著者である世耕弘成(せこう ひろしげ)さんは、元NTTの広報部門出身で、会社から米国留学して広報理論を科学的かつ体系的に学んだ上で、帰国後はその経験を広報の現場での実践に活用し、かつてリクルート事件の際にもNTTとしての広報対応の責任者として手腕をふるったヒトである。それが後にひょんなことから政界へと転身。この前の衆議院選挙では、自民党広報改革プロジェクトのリーダーとして自身の広報戦略ノウハウを持ち込み、結果として小泉自民党に歴史的大勝をもたらした陰の立役者と言われている。

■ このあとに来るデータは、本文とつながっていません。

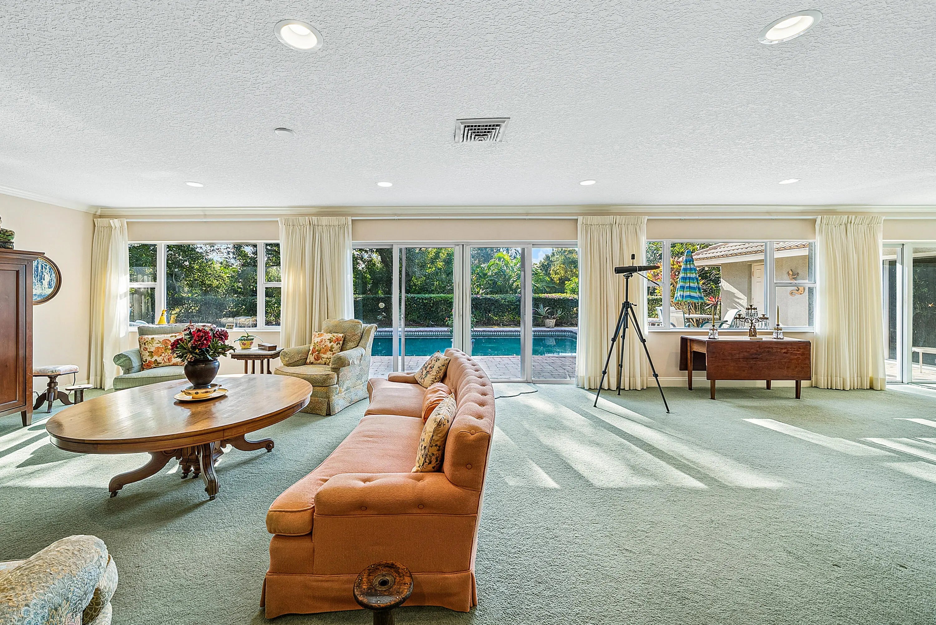 WOW! Endless possibilities await at 416 S Country Club Drive, ideally located in the heart of the non-HOA golf community of Atlantis. Situated on an expansive ~0.40-acre lot & perfectly positioned on the golf course, an oversized paved driveway welcomes you to a double-door entry. The open-concept layout, enhanced by wall-to-wall windows and sliders, creates a bright, airy atmosphere throughout your 3777 Liv SF. This residence offers the rare advantage of two primary retreats - One features a sprawling bedroom with ample space for a sitting area, office, or home gym, along with an oversized walk-in closet. The second primary is positioned on the opposite side of the home, poolside, complete with a cabana bath and direct slider access to the backyard.
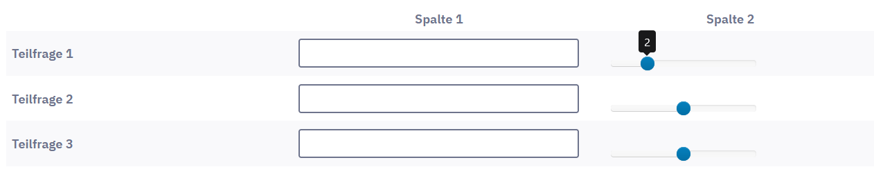 <script type="text/javascript" charset="utf-8"> // Script zuum Einfügen der Checkboxen anstelle der Textfelder und Einstellen der Exclusivität $(document).on('ready pjax:scriptcomplete',function(){ // Identify this question var thisQuestion = $('#question{QID}'); // Column-specific classes $('tr.subquestion-list', thisQuestion).each(function(i) { $('th, td', this).each(function(i) { $(this).addClass('column-'+i); }); }); // Insert checkboxes $('.answer-item.column-1, .answer-item.column-2, .answer-item.column-3, .answer-item.column-4, .answer-item.column-5', thisQuestion).addClass('custom-checkbox-item'); $('.custom-checkbox-item', thisQuestion).each(function(i) { var thisID = $('input:text:eq(0)', this).attr('id'); $('label', this).before('<input class="" id="'+thisID+'" value="Y" type="checkbox" name="'+thisID.replace(/answer/, '')+'" />'); if($('input:text:eq(0)', this).val() == 'Y') { $('input:checkbox:eq(0)', this).prop('checked', true); } $(this).removeClass('text-item').addClass('checkbox-item'); $('input:text:eq(0)', this).remove(); }); // Identify exclusive items $('.answer-item.column-1, .answer-item.column-2, .answer-item.column-3, .answer-item.column-4, .answer-item.column-5', thisQuestion).addClass('exclusive-item'); // Listeners for exclusive items $('.non-exclusive-item input:checkbox', thisQuestion).on('change', function(e) { if($(this).is(':checked')) { $(this).closest('tr.subquestion-list').find('.exclusive-item input:checkbox').prop('checked', false); } }); // Dies könnte man gesamt löschen // $('.non-exclusive-item input:text', thisQuestion).on('keyup change', function(e) { // if($.trim($(this).val()) != '') { // $(this).closest('tr.subquestion-list').find('.exclusive-item input:checkbox').prop('checked', false); // } // }); $('.exclusive-item input:checkbox', thisQuestion).on('change', function(e) { if($(this).is(':checked')) { var thisItem = $(this).closest('.answer-item'); $(this).closest('tr.subquestion-list').find('.answer-item').not(thisItem).find('input:checkbox').prop('checked', false); // $(this).closest('tr.subquestion-list').find('input:text').val(''); } }); </script>

この本は、それらを世耕さんがどんな風にしてやってきたかということを、自分の足跡とともに紹介するような構成になっているのだが、ワタシが「やっぱりそうかー」と思って面白く読んだのは、その中で日本政府を筆頭に各政党や官庁のこれまでの広報体制というものがいかにお粗末なモノであったか、ということが赤裸々に暴露されている点である。例えば元総理の森さんなんかは任期中の失言に次ぐ失言で無茶苦茶だったが、あれなんかはマジで笑ってる場合ではなくて、我が国には、国のトップが失言を繰り返したせいで諸外国から馬鹿にされようが株価が暴落しようが、当時はそのことを国家の危機として制御するシステムも体制も、「実は何ーんにもありませんでした」という恐ろしい事実。反対に、積極的に首相や政府をPRする機能も何もないし。

一方、小泉さんなんかは、どこまで計算だか天然なんだか知らないが、そう簡単に窮地に追い込まれたりしないところを見ても思うが、やはりある意味「コミュニケーションの天才」なのだそうだ。けど、そういう個人技に頼ってこの先進んで行くわけにもいかないし、いずれにしても今後この世耕さんを中心にした政府の広報改革というのが健全に発展することを祈りたいものである。まぁ世耕さんのやってらっしゃること自体を読むと、セオリー通りというか非常にオーソドックスな戦略という感じだが、選挙戦を通じての広報体制作りの過程や民主党対策の動きなど、なかなか現状の周囲の意識を変えることの苦労などもよく分かって、政府の内情暴露本としては結構お薦めです。

それにしても、名作「24」でのデヴィッド・パーマー政権なんかは、才能あるトップと充実した広報システムとがベストマッチの盤石な体制で、ある種、組織の戦略的広報体制としても理想系ですなぁ。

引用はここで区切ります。